Below are records with pictures. Reproduce exactly the lines from the line with "Модель жизненного цикла" to the line with "Trods fremskridt i", inclusive, and leave each picture out.

Source records:
*** Block opens ***

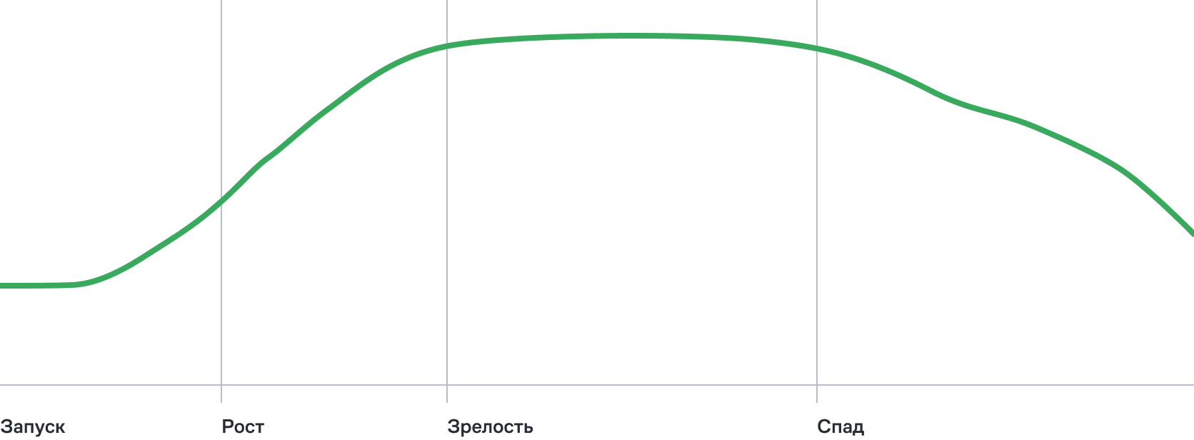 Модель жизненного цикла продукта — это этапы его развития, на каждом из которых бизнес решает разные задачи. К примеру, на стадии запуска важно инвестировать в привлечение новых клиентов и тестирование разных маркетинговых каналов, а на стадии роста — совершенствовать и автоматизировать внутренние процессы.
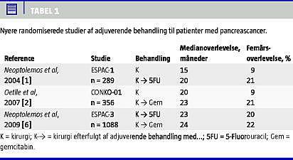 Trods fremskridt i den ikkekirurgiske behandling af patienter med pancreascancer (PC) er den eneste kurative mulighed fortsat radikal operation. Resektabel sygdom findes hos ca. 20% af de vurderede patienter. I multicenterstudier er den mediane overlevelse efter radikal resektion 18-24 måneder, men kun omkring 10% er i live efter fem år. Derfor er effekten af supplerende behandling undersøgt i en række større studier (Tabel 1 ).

*** Block closes ***
*** Block opens ***

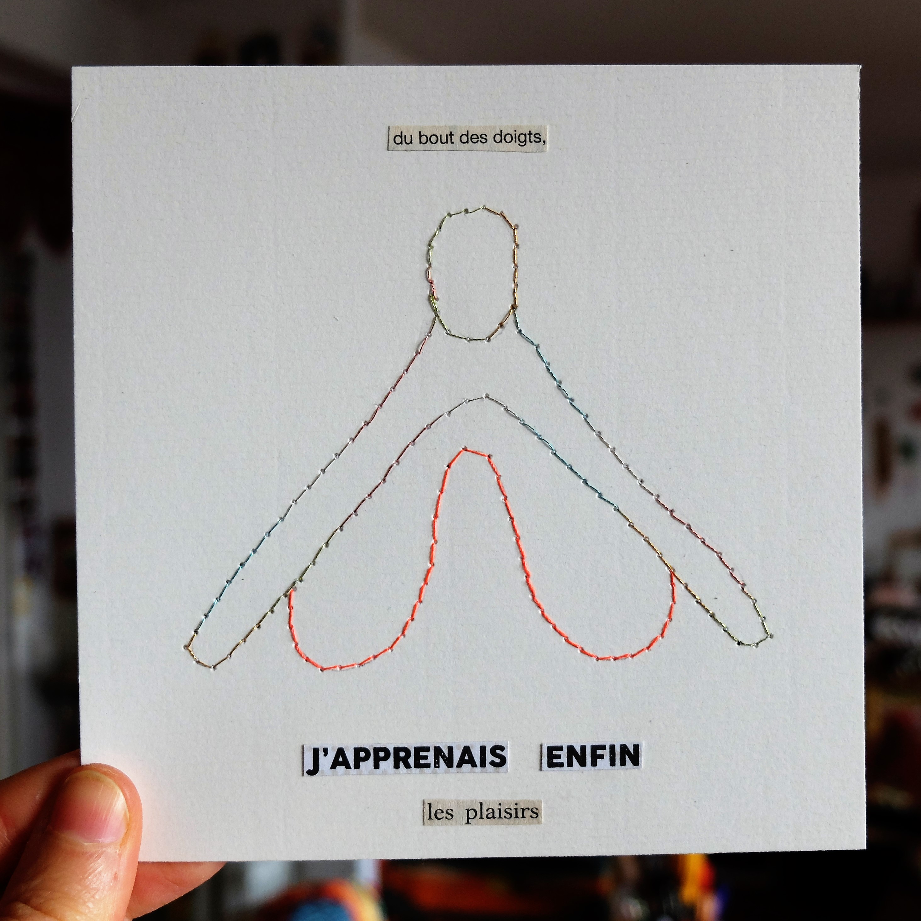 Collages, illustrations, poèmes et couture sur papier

*** Block closes ***

Solution to this exercise:
 Модель жизненного цикла продукта — это этапы его развития, на каждом из которых бизнес решает разные задачи. К примеру, на стадии запуска важно инвестировать в привлечение новых клиентов и тестирование разных маркетинговых каналов, а на стадии роста — совершенствовать и автоматизировать внутренние процессы.
 Trods fremskridt i den ikkekirurgiske behandling af patienter med pancreascancer (PC) er den eneste kurative mulighed fortsat radikal operation. Resektabel sygdom findes hos ca. 20% af de vurderede patienter. I multicenterstudier er den mediane overlevelse efter radikal resektion 18-24 måneder, men kun omkring 10% er i live efter fem år. Derfor er effekten af supplerende behandling undersøgt i en række større studier (Tabel 1 ).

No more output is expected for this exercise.